During the recent shutdowns “which shall not be named anymore”, it was difficult for us to participate as strongly as we had in the past with community events.  This fall, we were approached by “Ales for ALS” to participate in a brewing event to help fight the terrible ALS disease that kills so many young people. 

WHAT IS ALES FOR ALS™?Ales for ALS™ is a national fundraising campaign created in 2013 by a Yakima Valley hop farming family to raise funds and awareness for ALS, or Lou Gehrig’s disease. Each year, their hop farm, Loftus Ranches, and Yakima Chief Hops donate a unique hop blend, developed by master brewers, to select breweries across the country. Brewers create a special brew from the hops and donate a portion of their sales to ALS TDI.

WHAT IS ALS?

Every 90 minutes, someone is diagnosed with ALS, also known as Lou Gehrig’s disease or Motor Neuron Disease (MND). It is a progressive, neurodegenerative disease that causes muscle weakness, difficulty breathing and swallowing, and paralysis while leaving the senses intact. Most survive three to five years after diagnosis. An estimated 500,000 people worldwide live with the disease. There is no effective treatment nor cure.

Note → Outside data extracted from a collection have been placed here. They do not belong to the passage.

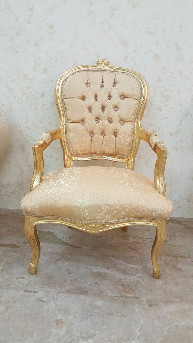 POLTRONA SEDIA CON BRACCIOLI IN LEGNO FOGLIA ORO STOFFA CON CRISTALLI
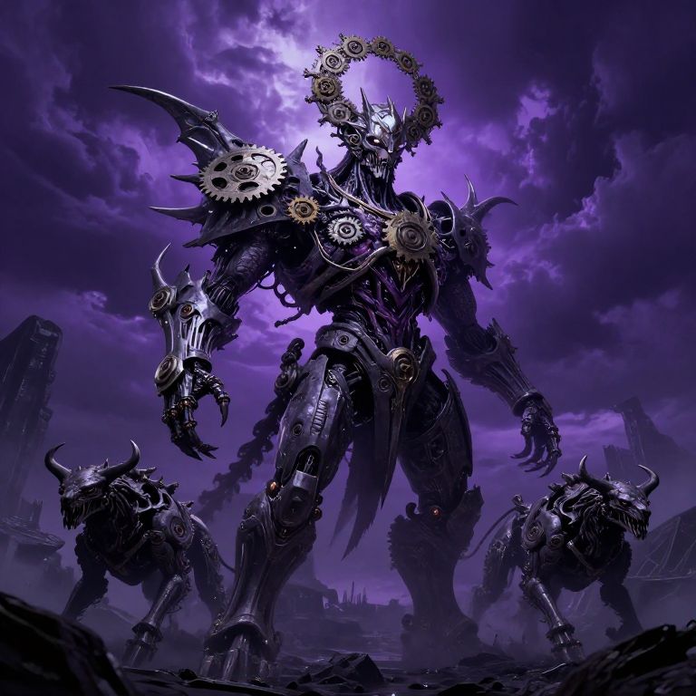 Digital artwork of a towering, dark purple, mechanized warrior with intricate, gear-like armor and sharp, metallic claws. The figure stands dominant in a stormy, purple-hued sky, with two smaller, horned, robotic creatures crouching at its feet. The warrior's helmet features a halo of gears, and its body is adorned with various gears and spikes. The background includes ruined, Gothic-style structures partially obscured by mist. The overall style is futuristic and cyberpunk, with a dramatic, ominous atmosphere.
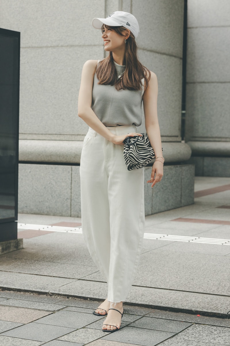 パンツ¥17,600(カデュネ/カデュネ プレスルーム)タンクトップ¥11,000(Mila Owen/Mila Owen ルミネ新宿2店)バッグ¥26,400(オウレンティ/ル タロン プリュ 有楽町マルイ店)靴¥15,950(AKTE)帽子¥4,400(ニューエラ)ピアス¥21,010(パズ・コレクティブ/ZUTTOHOLIC)ネックレス¥25,300(マリハ)バングル¥14,400(チビ・ジュエルズ/チビ・ジュエルズ・ジャパン)ブレスレット¥14,850(エナソルーナ)リング¥18,700(オンブル ビジュー/フォーティーン ショールーム)
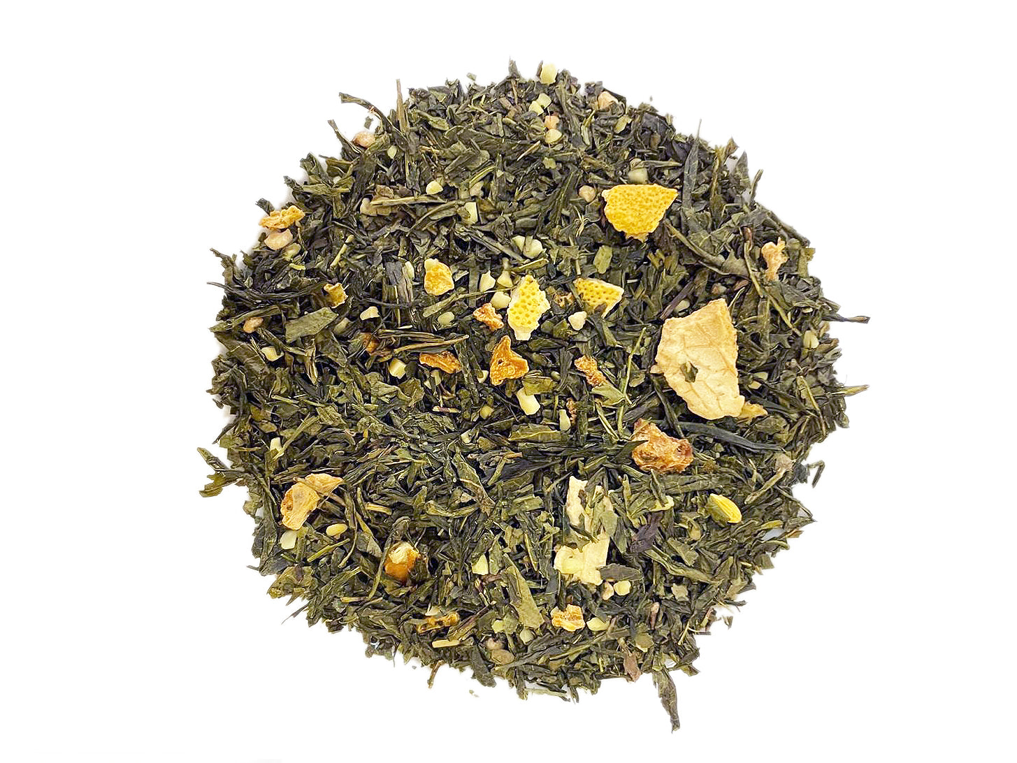 Con: tè verde 77%, mandorle, scorza di limone, zuccherini alla nocciola, aromi.

ABOUT THE ALS THERAPY DEVELOPMENT INSTITUTE

The ALS Therapy Development Institute and our scientists actively discover and develop treatments for ALS. We are the world’s first and largest nonprofit biotech focused 100 percent on ALS research. Led by people with ALS and drug development experts, we understand the urgent need to slow and stop this disease. Learn more at www.als.net

This year, I lost a friend to ALS.  He was 53 years young…A family man, a loving husband and great friend to so many.  His only negative trait for me was that he was a huge Alabama fan! His name is Tommy.  He was a classmate of mine and grew up in the area.  He was the handsome and funny athlete everyone loved.  As with many, we connected again through Facebook and shared the joys of our families, trips, events and everything else you do on Facebook together.  ALS hit Tommy fast and hard, but he always had a smile on his face. 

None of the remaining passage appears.